REQUIRED WORK:
Starting at the line below with "16. 你过去的审计经验里,哪些技能在财务BP工作最有帮助" and stopping at the line with "大家好,小育來為大家講解下。", please print each line exactly, those two included, and skip every picture.

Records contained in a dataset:
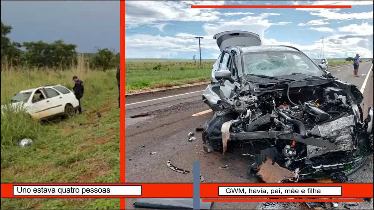 Um acidente registrado durante este domingo (02), acabou ceifando a vida de três pessoas e deixando outras quatros feridas. A Colisão frontal envolveu um veículo utilitário elétrico GWM Haval e um Fiat Palio Weekend na BR-060, em Chapadão do Sul.
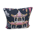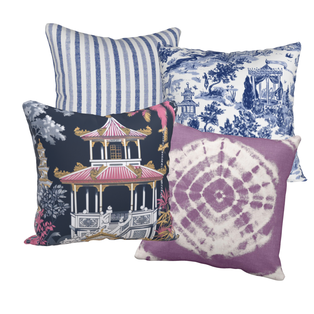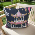 Lotus Court reinvents traditional toile with a modern, sketched sensibility. A delicate white and pink pagoda rests on a deep indigo field, offering romance, architectural stillness, and painterly richness. It's tranquil yet statement-making.
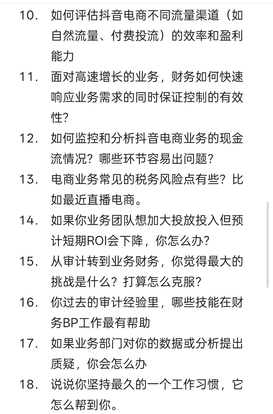 16. 你过去的审计经验里,哪些技能在财务BP工作最有帮助
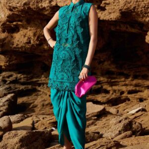With its serene sea green tone and fine embellishments, this suit radiates timeless charm, making it an exceptional choice for refined seasonal wear.
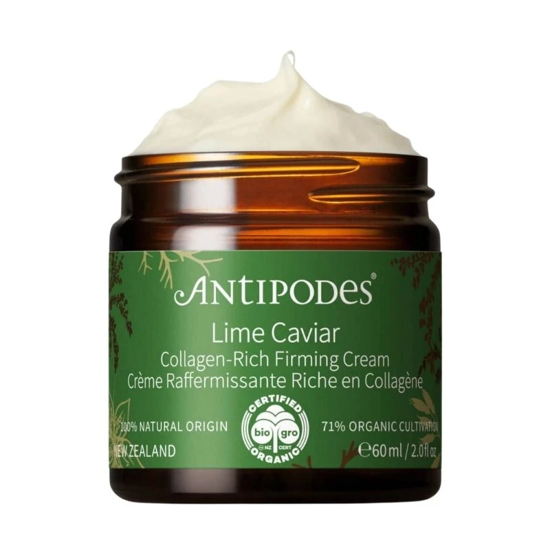 La Crème Raffermissante Lime Caviar de la marque Antipodes est une crème de soin anti-âge riche en collagène. Cette crème convient à tous les types de peaux, surtout les peaux sèches et matures.
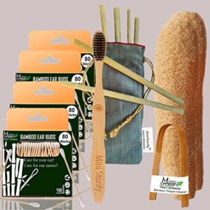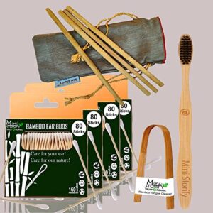 4 Bamboo Cotton Ear Buds/swabs|80 Stems|1 Adult Bamboo Tooth BrushCharcoal Soft Bristles,Oral Cleaning|1 Bamboo Tongue Cleaner|4 Straw8″)
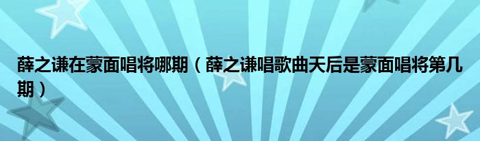 大家好,小育來為大家講解下。薛之謙在蒙面唱將哪期,薛之謙唱歌曲天后是蒙面唱將第幾期很多人還不知道,現(xiàn)在讓我們一起來看看吧!
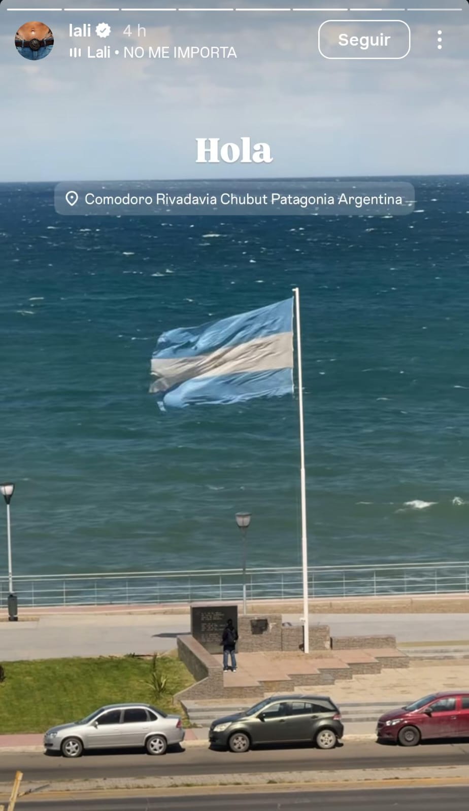 Lali Espósito está en Comodoro. Tras el éxito en Trelew, donde sus entradas se agotaron rápidamente, la estrella del pop nacional pisó la ciudad petrolera y compartió con sus seguidores una hermosa postal del mar con un saludo sencillo pero lleno de cariño: “Hola”, junto a la ubicación.
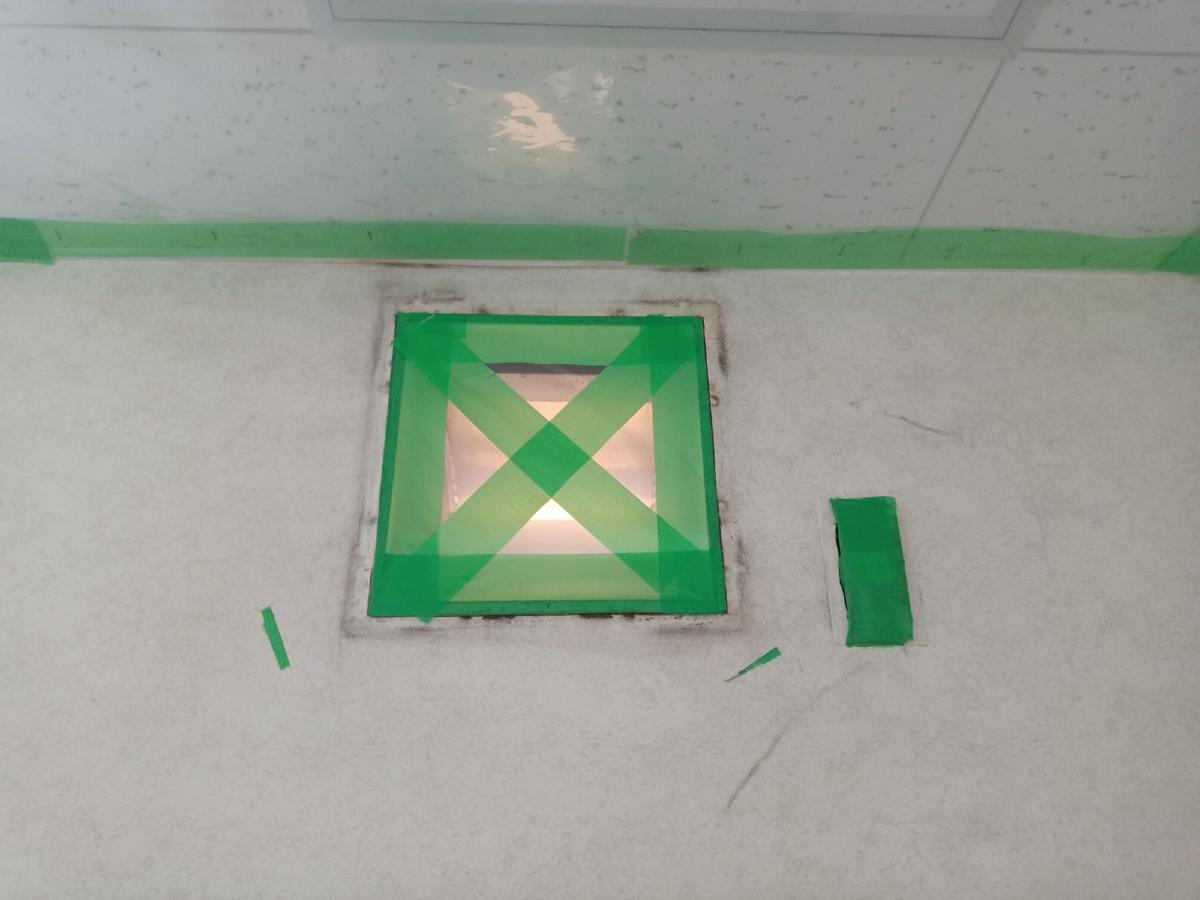 『負圧』は部屋の外に向かって空気が吸い上げられている状態のため、それにより養生が影響を受けないよう、強固に留め付けなければいけません。
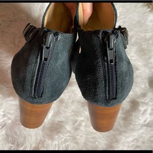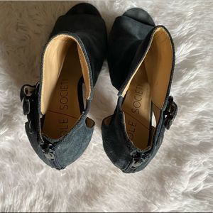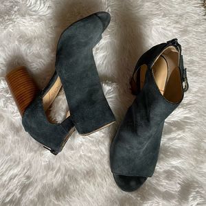 Sole Society Sally Blue Leather Open Toe Heeled Ankle Sandals Booties Size 8.5 M
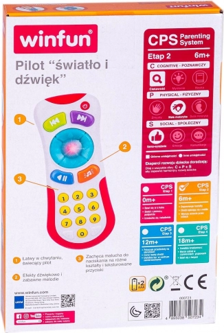 Interaktywny dziecięcy pilot został zaprojektowany tak, aby był łatwy w obsłudze dla maluchów. Zawiera kolorowe przyciski, które odtwarzają różne dźwięki i zabawne melodie. Czerwony podświetlany przycisk zapewnia dodatkowy efekt zabawy. Łącznie dziesięć przycisków pomaga w nauce pierwszych cyfr.

YOUR RESPONSE:
 16. 你过去的审计经验里,哪些技能在财务BP工作最有帮助
With its serene sea green tone and fine embellishments, this suit radiates timeless charm, making it an exceptional choice for refined seasonal wear.
 La Crème Raffermissante Lime Caviar de la marque Antipodes est une crème de soin anti-âge riche en collagène. Cette crème convient à tous les types de peaux, surtout les peaux sèches et matures.
 4 Bamboo Cotton Ear Buds/swabs|80 Stems|1 Adult Bamboo Tooth BrushCharcoal Soft Bristles,Oral Cleaning|1 Bamboo Tongue Cleaner|4 Straw8″)
 大家好,小育來為大家講解下。薛之謙在蒙面唱將哪期,薛之謙唱歌曲天后是蒙面唱將第幾期很多人還不知道,現(xiàn)在讓我們一起來看看吧!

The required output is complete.